- [Exercise instructions]:
Omit every image, and transcribe the remaining entries exactly as given.

- [Input for this task]:
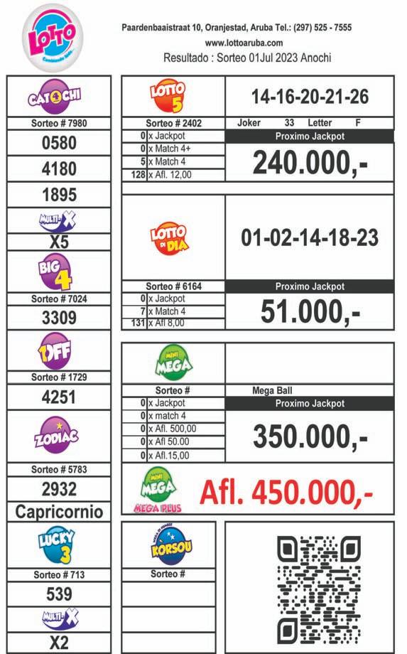 Premionan ta wordo anuncia dia 15 di Augustus 2023. Tira e coupon aki den buzon na oficina di Solo di Pueblo na Sta Cruz 110, solamente entre 2or di atardi cu 4or di atardi.
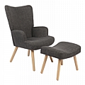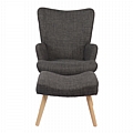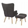 Πολυθρόνα-μπερζέρα με υποπόδιο Gerlina pakoworld ανθρακί ύφασμα με πόδι σε φυσική απόχρωση 71x64x94εκ
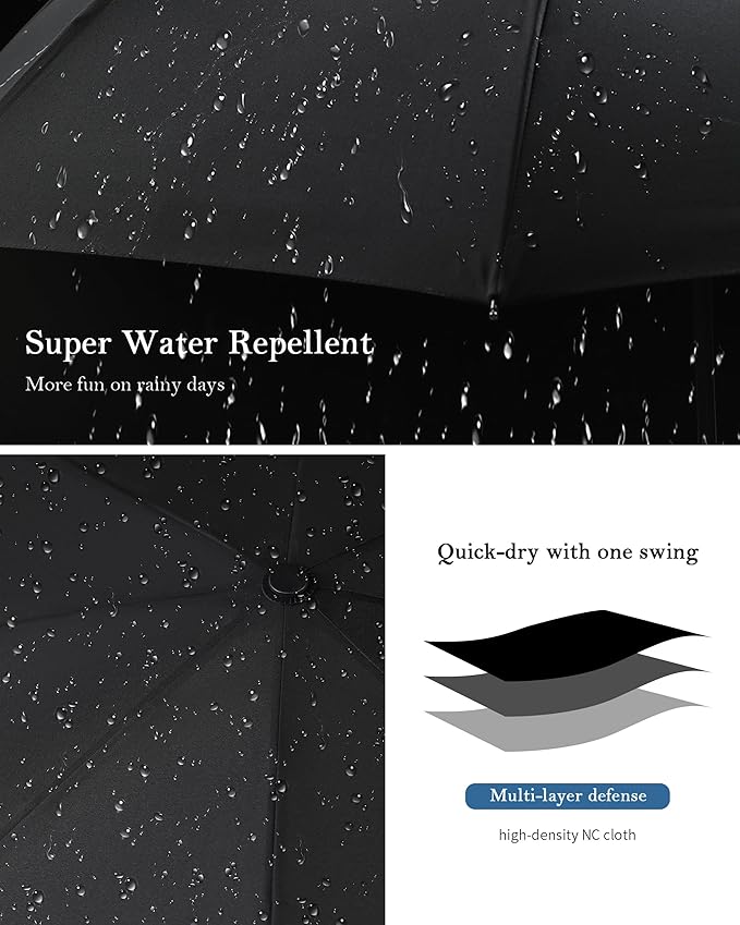 - Durable Construction and Weather Protection: Featuring a waterproof coating and reinforced fiberglass ribs, this sturdy umbrella offers exceptional durability and all-weather performance. It provides reliable waterproof coverage, making it an essential choice for high-performance, windproof protection
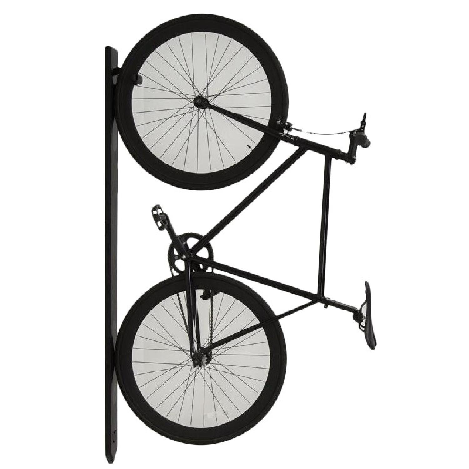 Seller's Notes:This vertical bike RACK brings your ride out from the garage and into your living space. Its unique mounting system self-levels along any surface and stays hidden with a cleverly placed magnet. Made from solid white oak, stained with pure black ink and sealed with a satin finish to highlight the natural woodgrain. RACK handles most sizes and styles of bikes and works well in tight spaces. Designed and made in the USA. Compatibility: Fits all combined bike tire + wheels up to 3.25" depth SPECS L 64" x W 3.5" x D 4.5" Weight 7.5 lbs MATERIALS Solid hardwood Powder coated steel Rare earth magnets Leather Included: 1 RACK, Mounting Hardware Note from owner: We LOVED the minimalist look of this bike rack - makes your bike a piece of art. Our bike is not set up on a trainer so we no longer need a wall mount. Highly recommend.
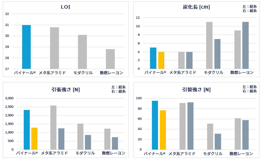 テキスタイルにおける他難燃繊維との比較
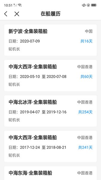 4、履历查询,个人在船的全部履历信息可以在次快捷查询;
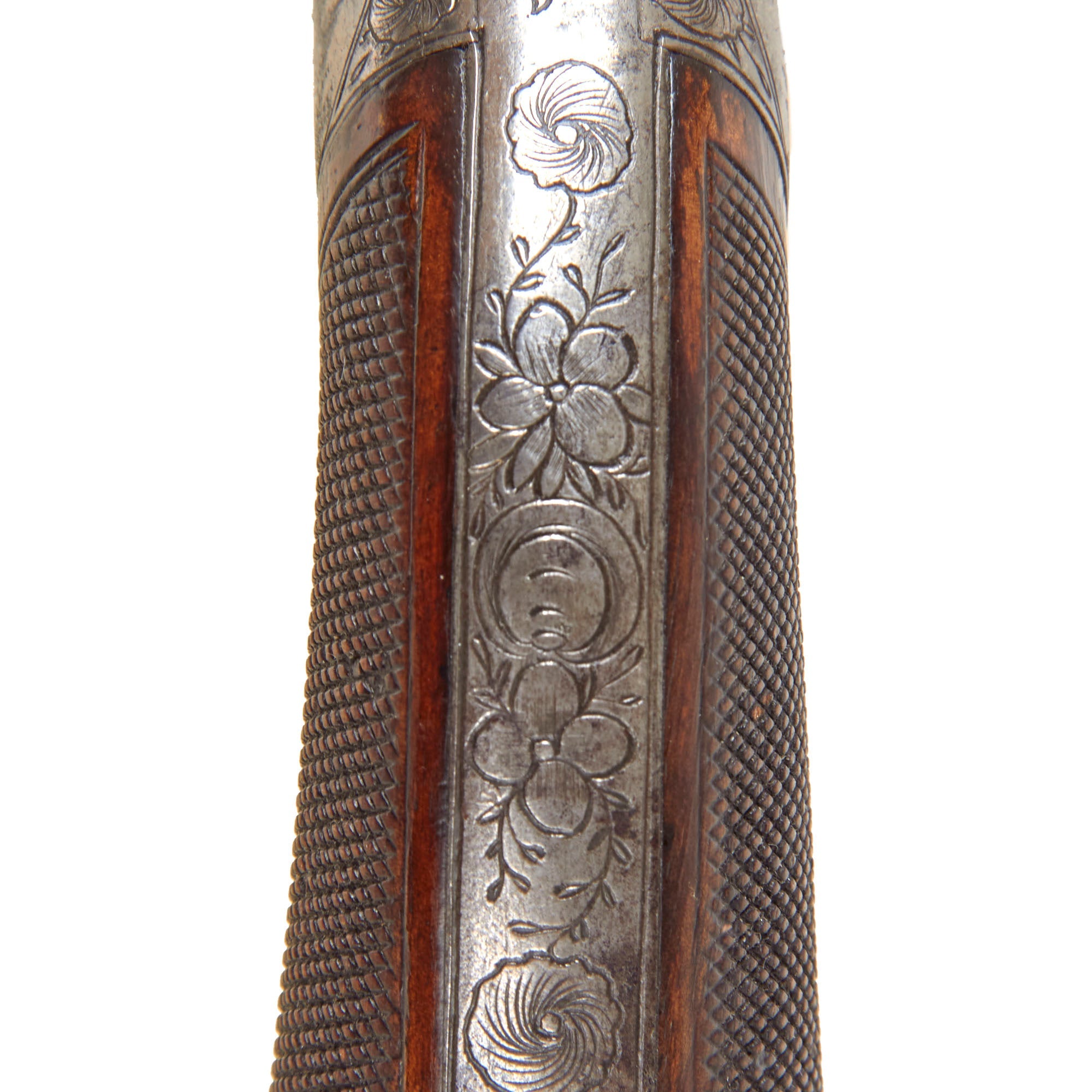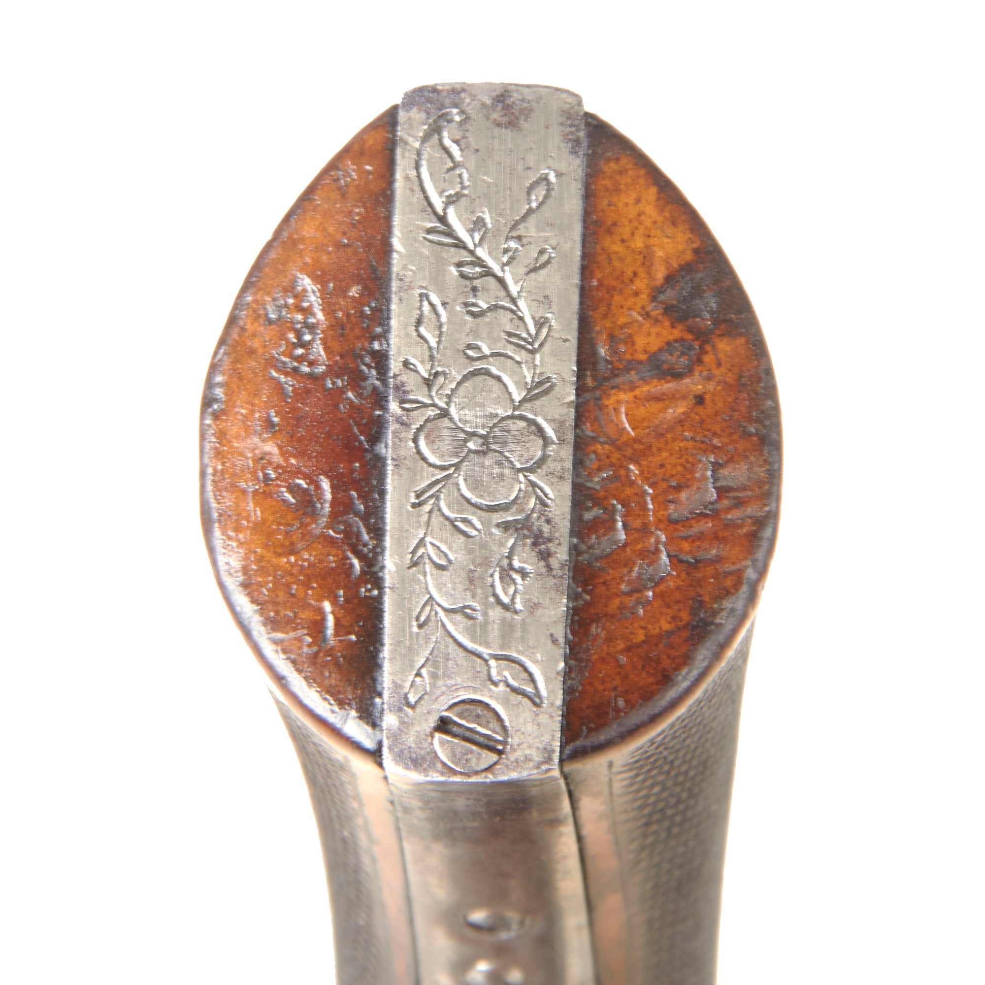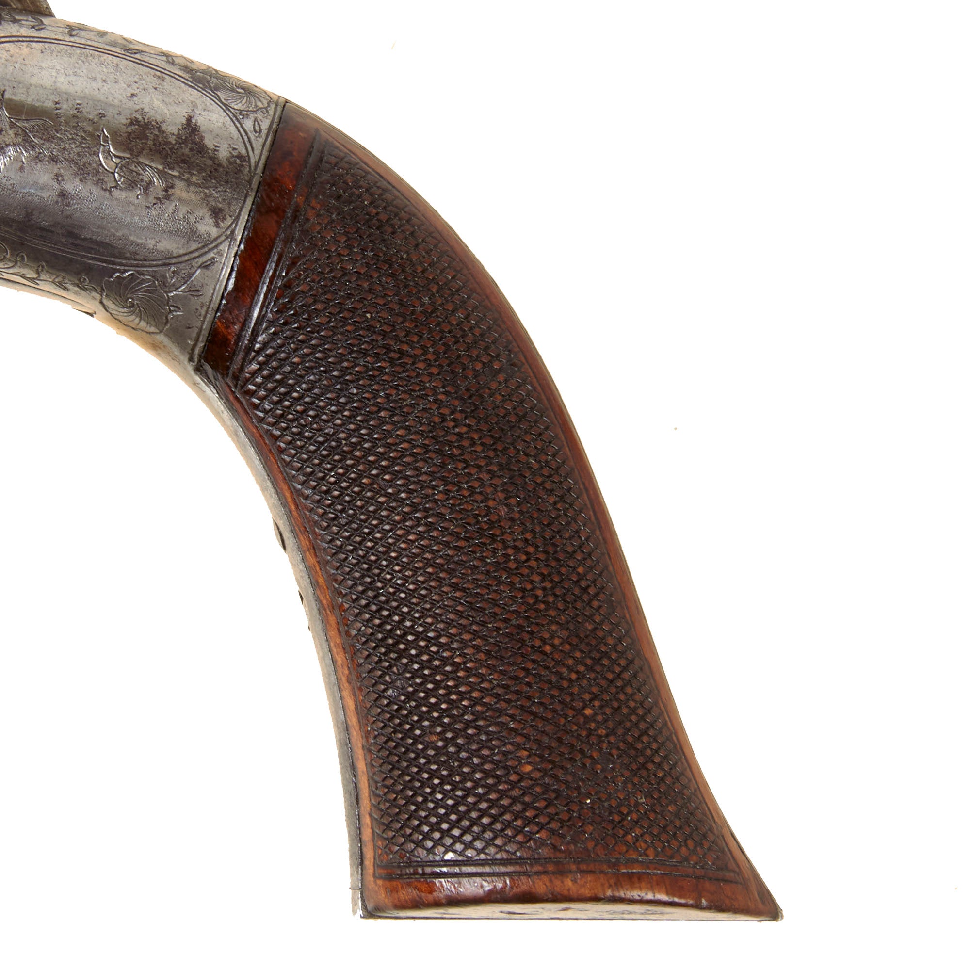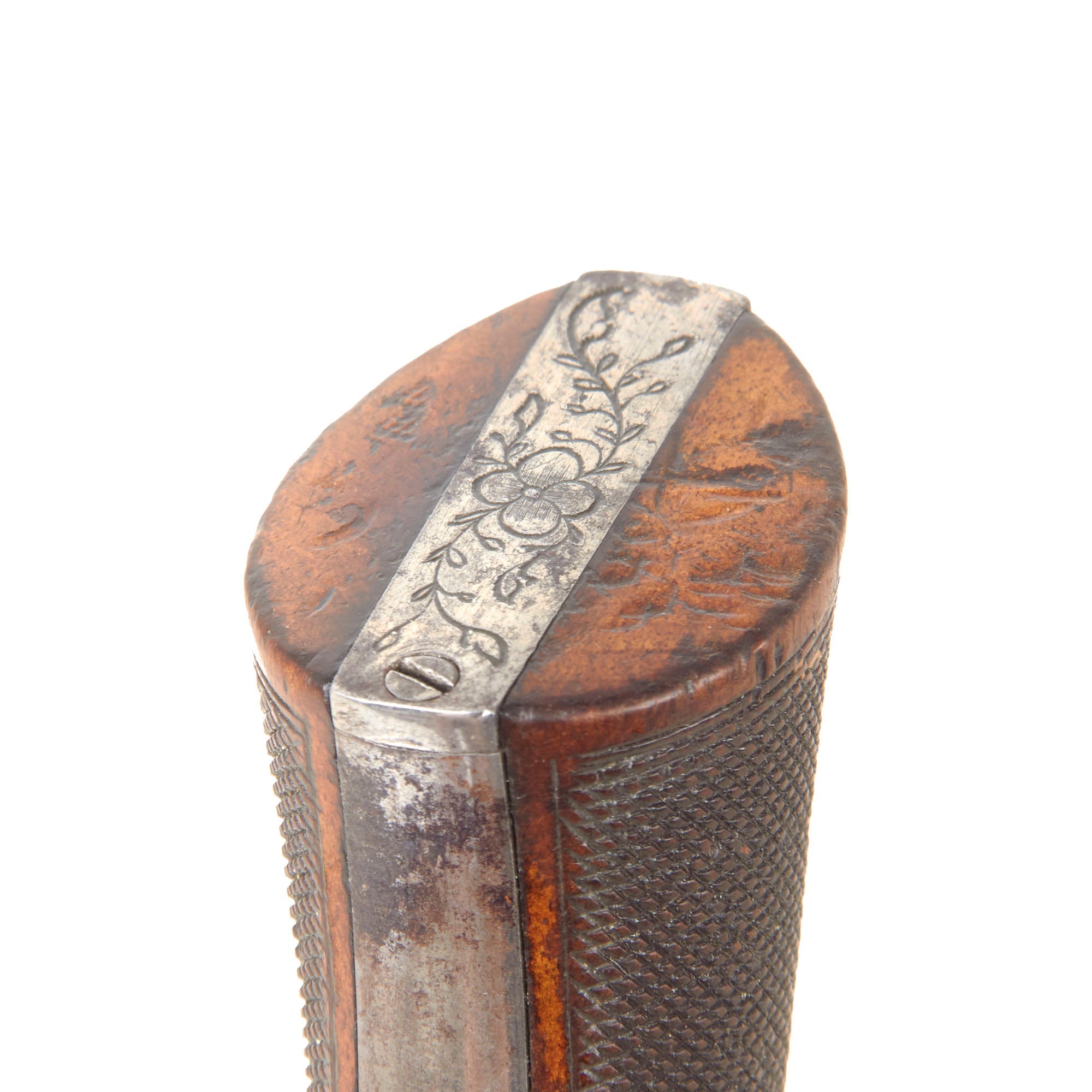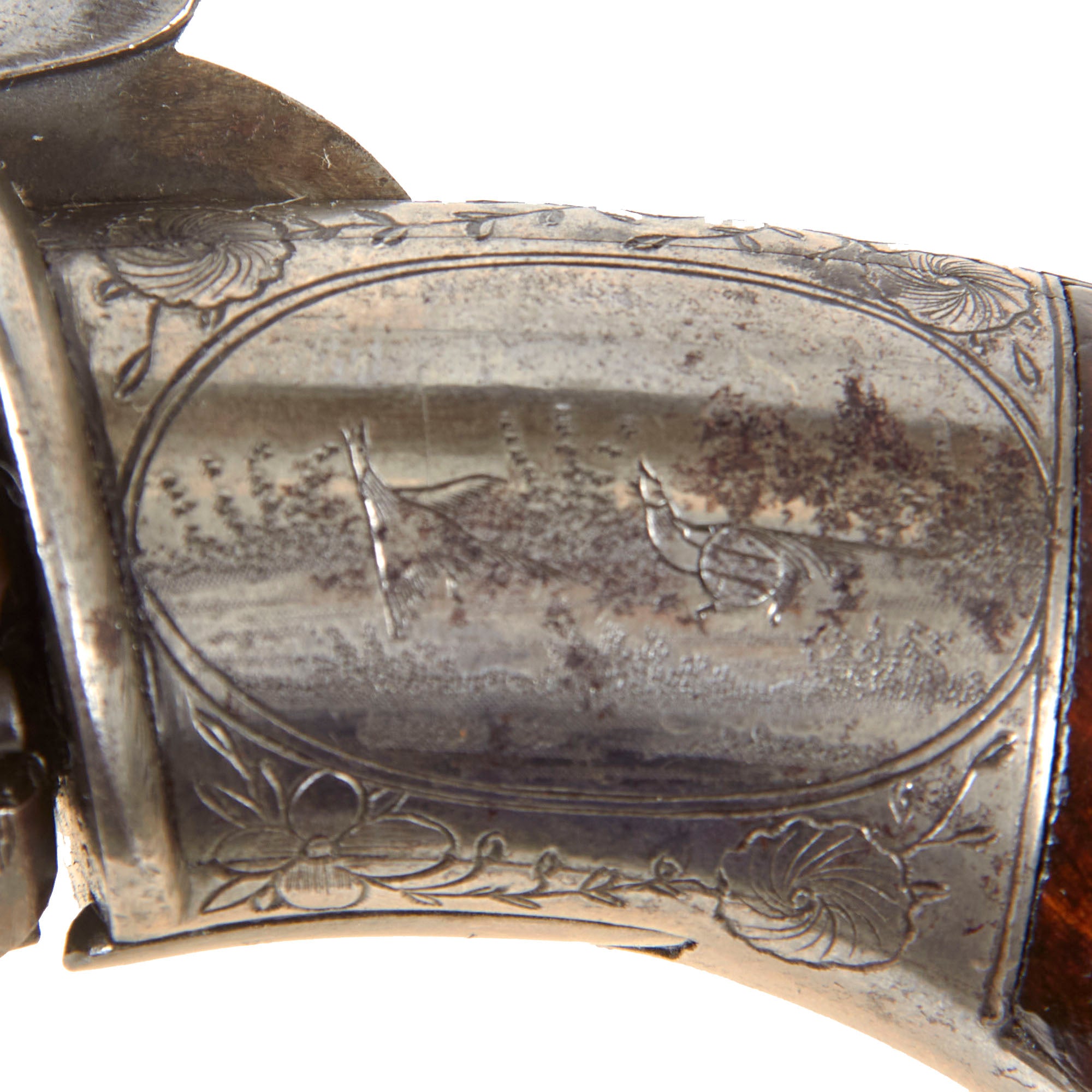 The revolver is .32 caliber and features a hidden folding trigger, a hallmark of discreet, early percussion handguns. It is a percussion revolver with a rotating cylinder mounted on an axis pin, the barrel attached directly to the axis of rotation. Below this axis is an opening that allows the passage of a separate loading rod, used to load each chamber from the front—an important transitional feature in revolver development.

- [Answer space]:
 Premionan ta wordo anuncia dia 15 di Augustus 2023. Tira e coupon aki den buzon na oficina di Solo di Pueblo na Sta Cruz 110, solamente entre 2or di atardi cu 4or di atardi.
 Πολυθρόνα-μπερζέρα με υποπόδιο Gerlina pakoworld ανθρακί ύφασμα με πόδι σε φυσική απόχρωση 71x64x94εκ
 - Durable Construction and Weather Protection: Featuring a waterproof coating and reinforced fiberglass ribs, this sturdy umbrella offers exceptional durability and all-weather performance. It provides reliable waterproof coverage, making it an essential choice for high-performance, windproof protection
 Seller's Notes:This vertical bike RACK brings your ride out from the garage and into your living space. Its unique mounting system self-levels along any surface and stays hidden with a cleverly placed magnet. Made from solid white oak, stained with pure black ink and sealed with a satin finish to highlight the natural woodgrain. RACK handles most sizes and styles of bikes and works well in tight spaces. Designed and made in the USA. Compatibility: Fits all combined bike tire + wheels up to 3.25" depth SPECS L 64" x W 3.5" x D 4.5" Weight 7.5 lbs MATERIALS Solid hardwood Powder coated steel Rare earth magnets Leather Included: 1 RACK, Mounting Hardware Note from owner: We LOVED the minimalist look of this bike rack - makes your bike a piece of art. Our bike is not set up on a trainer so we no longer need a wall mount. Highly recommend.
 テキスタイルにおける他難燃繊維との比較
 4、履历查询,个人在船的全部履历信息可以在次快捷查询;
 The revolver is .32 caliber and features a hidden folding trigger, a hallmark of discreet, early percussion handguns. It is a percussion revolver with a rotating cylinder mounted on an axis pin, the barrel attached directly to the axis of rotation. Below this axis is an opening that allows the passage of a separate loading rod, used to load each chamber from the front—an important transitional feature in revolver development.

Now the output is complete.